清晨五点,天刚蒙亮,我拎着装好稿子的牛皮纸信封走出家属区平房。昨夜写完最后一句时台灯还亮着,街灯一盏接一盏熄了,现在巷口只剩半截路灯在闪。我把信封塞进邮筒,金属口发出“哐”一声闷响,像是把什么话正式递了出去。
方姐那边等着收稿,我不能拖。
返程顺路拐到供销社门口,想看看《晚风》今天有没有新到货。报刊架照例摆在进门最显眼的位置,可这次弯腰才找见我们那本——被挤到了最底层角落,封面朝下压着两份市报和一本《青年生活》,数量也比往常少了三分之二。
我站直身子,没吭声。
王供销正低头算账,听见动静抬头看了我一眼,又迅速低下头去,嘴里念叨:“市里新通知,优先陈列有主管单位的刊物……我们也只是照办。”
我没追问是谁下的通知,也没问他怎么突然这么规矩。只点了点头,转身就走。
他知道我知道。
风吹过巷口,把一张废报纸卷起来贴在电线杆上。我盯着那角翻飞的纸边看了两秒,抬脚走了。
中午在车间吃饭,铝饭盒打开,米饭配腌萝卜条。几个女工围坐一圈,有人咬着筷子说:“听说了吗?文化局的人放话了,说有些民间小刊太出格,迟早要查。”
另一个接话:“可不是嘛,连标题都起得不像样,《一个女工不想结婚》,这像话吗?女人不结婚还能干啥?”
旁边人笑起来,笑声短促,像掐了一半。
我没抬头,嚼着萝卜条,咸得有点发苦。她们的声音忽远忽近,像从机器缝里漏出来的杂音。我知道这不是闲聊,是有人特意传出来的话风。
但我没反驳,也没解释。吃完了饭盒底,用开水涮了涮倒进嘴里,然后掏出随身带的帆布包,翻开夹层里的读者来信合集。
一页页看过去:
“苏主编,我和妹妹凑钱订了半年《晚风》,每期我们都划重点读。”
“你们写的‘厂里评先进要看关系’那篇,我们这儿也一样。”
“我是外县纺织工,看完‘婚不是救命稻草’那篇,哭了整宿。”
我还翻到几封刚收到的外地汇款单回执,有的来自邻省,有的盖着乡镇邮局章。没人退订,没人投诉,更没人要求停刊。

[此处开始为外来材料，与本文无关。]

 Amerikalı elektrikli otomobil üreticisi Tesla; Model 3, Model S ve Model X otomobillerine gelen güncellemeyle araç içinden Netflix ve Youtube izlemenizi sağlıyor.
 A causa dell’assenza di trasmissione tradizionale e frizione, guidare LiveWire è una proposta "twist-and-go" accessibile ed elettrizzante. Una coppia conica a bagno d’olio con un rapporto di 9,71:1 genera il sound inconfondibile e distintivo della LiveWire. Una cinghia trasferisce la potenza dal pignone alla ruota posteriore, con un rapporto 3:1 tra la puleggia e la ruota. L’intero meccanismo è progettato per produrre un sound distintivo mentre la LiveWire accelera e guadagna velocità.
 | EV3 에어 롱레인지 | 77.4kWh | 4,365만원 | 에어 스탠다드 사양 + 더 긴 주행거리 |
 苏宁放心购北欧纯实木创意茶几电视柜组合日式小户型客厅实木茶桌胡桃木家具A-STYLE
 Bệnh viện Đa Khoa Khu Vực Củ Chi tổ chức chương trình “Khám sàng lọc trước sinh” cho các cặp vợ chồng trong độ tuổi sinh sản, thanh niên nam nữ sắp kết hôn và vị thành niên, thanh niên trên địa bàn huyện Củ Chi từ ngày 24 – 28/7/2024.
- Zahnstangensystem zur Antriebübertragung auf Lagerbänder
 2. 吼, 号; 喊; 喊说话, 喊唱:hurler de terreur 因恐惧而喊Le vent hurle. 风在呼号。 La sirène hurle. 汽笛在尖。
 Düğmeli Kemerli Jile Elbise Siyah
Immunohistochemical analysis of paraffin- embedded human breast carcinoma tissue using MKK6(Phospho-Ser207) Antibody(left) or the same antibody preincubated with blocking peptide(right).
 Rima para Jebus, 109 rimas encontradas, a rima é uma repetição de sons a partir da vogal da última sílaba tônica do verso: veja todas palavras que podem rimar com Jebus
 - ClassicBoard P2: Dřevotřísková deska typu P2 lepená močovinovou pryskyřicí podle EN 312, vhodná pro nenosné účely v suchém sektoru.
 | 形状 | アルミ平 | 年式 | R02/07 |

我合上本子,心里清楚了:渠道可以被卡,声音可以被压,但只要还有人在读,这事就没停。
傍晚回家,桌上多了一个牛皮纸包裹,没有寄件人信息,只有我的名字和地址,字迹陌生。拆开一看,是一张剪报,附着半张便条,上面写着:“你们也被盯上了?”
剪报来自一份市属文化刊物,题为《关于民间读物规范化管理的几点思考》。通篇没提《晚风》,可字字都在影射。说什么“个别无主管、无备案、无编辑部的读物”,靠“猎奇话题吸引低层次读者”,“内容片面夸大矛盾,缺乏正面引导”。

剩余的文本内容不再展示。